### Your task
Could you give the entries again, exactly as written?

### Record set
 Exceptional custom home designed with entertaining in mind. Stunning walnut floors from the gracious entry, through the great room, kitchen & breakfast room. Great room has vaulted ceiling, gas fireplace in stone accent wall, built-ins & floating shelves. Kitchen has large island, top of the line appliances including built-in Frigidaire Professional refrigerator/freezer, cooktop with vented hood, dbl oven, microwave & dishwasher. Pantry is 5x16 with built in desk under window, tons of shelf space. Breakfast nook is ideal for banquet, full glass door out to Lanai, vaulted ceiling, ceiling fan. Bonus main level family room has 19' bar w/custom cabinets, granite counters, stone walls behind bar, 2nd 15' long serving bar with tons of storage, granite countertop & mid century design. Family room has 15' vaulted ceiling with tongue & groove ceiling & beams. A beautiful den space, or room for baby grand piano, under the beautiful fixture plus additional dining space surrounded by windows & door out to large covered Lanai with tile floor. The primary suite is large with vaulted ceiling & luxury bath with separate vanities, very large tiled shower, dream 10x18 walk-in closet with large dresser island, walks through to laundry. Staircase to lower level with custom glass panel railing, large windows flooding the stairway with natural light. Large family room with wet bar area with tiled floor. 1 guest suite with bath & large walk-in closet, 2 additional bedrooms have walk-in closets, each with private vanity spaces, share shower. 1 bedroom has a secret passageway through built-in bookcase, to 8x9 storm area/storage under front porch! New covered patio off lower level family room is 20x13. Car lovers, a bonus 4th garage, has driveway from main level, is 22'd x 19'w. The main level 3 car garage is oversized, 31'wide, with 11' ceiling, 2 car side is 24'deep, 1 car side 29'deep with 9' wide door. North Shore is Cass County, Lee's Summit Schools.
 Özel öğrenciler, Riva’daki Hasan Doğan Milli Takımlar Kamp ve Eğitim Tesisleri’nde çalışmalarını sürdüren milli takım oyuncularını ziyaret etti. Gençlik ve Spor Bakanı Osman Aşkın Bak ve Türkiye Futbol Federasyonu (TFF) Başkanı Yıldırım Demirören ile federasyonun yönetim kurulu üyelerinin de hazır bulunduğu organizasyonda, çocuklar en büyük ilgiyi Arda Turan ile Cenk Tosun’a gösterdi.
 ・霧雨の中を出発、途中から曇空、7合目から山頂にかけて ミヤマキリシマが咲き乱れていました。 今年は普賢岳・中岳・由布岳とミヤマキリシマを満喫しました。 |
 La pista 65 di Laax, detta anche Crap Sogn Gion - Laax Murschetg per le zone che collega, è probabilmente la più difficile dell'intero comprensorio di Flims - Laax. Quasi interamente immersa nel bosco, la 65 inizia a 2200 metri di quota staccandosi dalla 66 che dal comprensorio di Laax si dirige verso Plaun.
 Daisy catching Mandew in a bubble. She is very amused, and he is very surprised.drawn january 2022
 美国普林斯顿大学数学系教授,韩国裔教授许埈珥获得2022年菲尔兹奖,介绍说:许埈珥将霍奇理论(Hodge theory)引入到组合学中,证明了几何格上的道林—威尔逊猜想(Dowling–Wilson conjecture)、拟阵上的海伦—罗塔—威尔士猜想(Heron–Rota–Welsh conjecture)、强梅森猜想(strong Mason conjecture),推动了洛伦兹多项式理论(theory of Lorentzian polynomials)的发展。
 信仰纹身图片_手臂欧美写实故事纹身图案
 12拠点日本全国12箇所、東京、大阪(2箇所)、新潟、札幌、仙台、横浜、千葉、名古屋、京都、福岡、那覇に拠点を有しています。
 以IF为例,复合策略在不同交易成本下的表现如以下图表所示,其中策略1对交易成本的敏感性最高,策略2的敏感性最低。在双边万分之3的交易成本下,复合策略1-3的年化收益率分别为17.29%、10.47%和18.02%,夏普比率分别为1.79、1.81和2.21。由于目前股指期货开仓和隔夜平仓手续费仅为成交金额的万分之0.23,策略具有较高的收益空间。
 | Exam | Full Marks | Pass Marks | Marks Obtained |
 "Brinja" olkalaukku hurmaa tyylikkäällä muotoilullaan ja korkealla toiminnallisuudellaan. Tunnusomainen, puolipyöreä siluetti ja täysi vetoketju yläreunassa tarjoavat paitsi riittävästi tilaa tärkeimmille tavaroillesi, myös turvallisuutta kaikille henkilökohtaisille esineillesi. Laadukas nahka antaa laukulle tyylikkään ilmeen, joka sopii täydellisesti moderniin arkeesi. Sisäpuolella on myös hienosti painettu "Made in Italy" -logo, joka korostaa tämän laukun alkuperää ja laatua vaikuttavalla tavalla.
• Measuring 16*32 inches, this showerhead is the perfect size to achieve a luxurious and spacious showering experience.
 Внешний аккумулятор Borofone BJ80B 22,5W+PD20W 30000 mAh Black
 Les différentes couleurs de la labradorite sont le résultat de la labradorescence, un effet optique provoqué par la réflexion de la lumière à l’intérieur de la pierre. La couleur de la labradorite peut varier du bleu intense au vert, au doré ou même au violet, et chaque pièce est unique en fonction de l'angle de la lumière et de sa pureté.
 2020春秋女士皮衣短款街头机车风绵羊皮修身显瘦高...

### Response to this task
 Exceptional custom home designed with entertaining in mind. Stunning walnut floors from the gracious entry, through the great room, kitchen & breakfast room. Great room has vaulted ceiling, gas fireplace in stone accent wall, built-ins & floating shelves. Kitchen has large island, top of the line appliances including built-in Frigidaire Professional refrigerator/freezer, cooktop with vented hood, dbl oven, microwave & dishwasher. Pantry is 5x16 with built in desk under window, tons of shelf space. Breakfast nook is ideal for banquet, full glass door out to Lanai, vaulted ceiling, ceiling fan. Bonus main level family room has 19' bar w/custom cabinets, granite counters, stone walls behind bar, 2nd 15' long serving bar with tons of storage, granite countertop & mid century design. Family room has 15' vaulted ceiling with tongue & groove ceiling & beams. A beautiful den space, or room for baby grand piano, under the beautiful fixture plus additional dining space surrounded by windows & door out to large covered Lanai with tile floor. The primary suite is large with vaulted ceiling & luxury bath with separate vanities, very large tiled shower, dream 10x18 walk-in closet with large dresser island, walks through to laundry. Staircase to lower level with custom glass panel railing, large windows flooding the stairway with natural light. Large family room with wet bar area with tiled floor. 1 guest suite with bath & large walk-in closet, 2 additional bedrooms have walk-in closets, each with private vanity spaces, share shower. 1 bedroom has a secret passageway through built-in bookcase, to 8x9 storm area/storage under front porch! New covered patio off lower level family room is 20x13. Car lovers, a bonus 4th garage, has driveway from main level, is 22'd x 19'w. The main level 3 car garage is oversized, 31'wide, with 11' ceiling, 2 car side is 24'deep, 1 car side 29'deep with 9' wide door. North Shore is Cass County, Lee's Summit Schools.
 Özel öğrenciler, Riva’daki Hasan Doğan Milli Takımlar Kamp ve Eğitim Tesisleri’nde çalışmalarını sürdüren milli takım oyuncularını ziyaret etti. Gençlik ve Spor Bakanı Osman Aşkın Bak ve Türkiye Futbol Federasyonu (TFF) Başkanı Yıldırım Demirören ile federasyonun yönetim kurulu üyelerinin de hazır bulunduğu organizasyonda, çocuklar en büyük ilgiyi Arda Turan ile Cenk Tosun’a gösterdi.
 ・霧雨の中を出発、途中から曇空、7合目から山頂にかけて ミヤマキリシマが咲き乱れていました。 今年は普賢岳・中岳・由布岳とミヤマキリシマを満喫しました。 |
 La pista 65 di Laax, detta anche Crap Sogn Gion - Laax Murschetg per le zone che collega, è probabilmente la più difficile dell'intero comprensorio di Flims - Laax. Quasi interamente immersa nel bosco, la 65 inizia a 2200 metri di quota staccandosi dalla 66 che dal comprensorio di Laax si dirige verso Plaun.
 Daisy catching Mandew in a bubble. She is very amused, and he is very surprised.drawn january 2022
 美国普林斯顿大学数学系教授,韩国裔教授许埈珥获得2022年菲尔兹奖,介绍说:许埈珥将霍奇理论(Hodge theory)引入到组合学中,证明了几何格上的道林—威尔逊猜想(Dowling–Wilson conjecture)、拟阵上的海伦—罗塔—威尔士猜想(Heron–Rota–Welsh conjecture)、强梅森猜想(strong Mason conjecture),推动了洛伦兹多项式理论(theory of Lorentzian polynomials)的发展。
 信仰纹身图片_手臂欧美写实故事纹身图案
 12拠点日本全国12箇所、東京、大阪(2箇所)、新潟、札幌、仙台、横浜、千葉、名古屋、京都、福岡、那覇に拠点を有しています。
 以IF为例,复合策略在不同交易成本下的表现如以下图表所示,其中策略1对交易成本的敏感性最高,策略2的敏感性最低。在双边万分之3的交易成本下,复合策略1-3的年化收益率分别为17.29%、10.47%和18.02%,夏普比率分别为1.79、1.81和2.21。由于目前股指期货开仓和隔夜平仓手续费仅为成交金额的万分之0.23,策略具有较高的收益空间。
 | Exam | Full Marks | Pass Marks | Marks Obtained |
 "Brinja" olkalaukku hurmaa tyylikkäällä muotoilullaan ja korkealla toiminnallisuudellaan. Tunnusomainen, puolipyöreä siluetti ja täysi vetoketju yläreunassa tarjoavat paitsi riittävästi tilaa tärkeimmille tavaroillesi, myös turvallisuutta kaikille henkilökohtaisille esineillesi. Laadukas nahka antaa laukulle tyylikkään ilmeen, joka sopii täydellisesti moderniin arkeesi. Sisäpuolella on myös hienosti painettu "Made in Italy" -logo, joka korostaa tämän laukun alkuperää ja laatua vaikuttavalla tavalla.
• Measuring 16*32 inches, this showerhead is the perfect size to achieve a luxurious and spacious showering experience.
 Внешний аккумулятор Borofone BJ80B 22,5W+PD20W 30000 mAh Black
 Les différentes couleurs de la labradorite sont le résultat de la labradorescence, un effet optique provoqué par la réflexion de la lumière à l’intérieur de la pierre. La couleur de la labradorite peut varier du bleu intense au vert, au doré ou même au violet, et chaque pièce est unique en fonction de l'angle de la lumière et de sa pureté.
 2020春秋女士皮衣短款街头机车风绵羊皮修身显瘦高...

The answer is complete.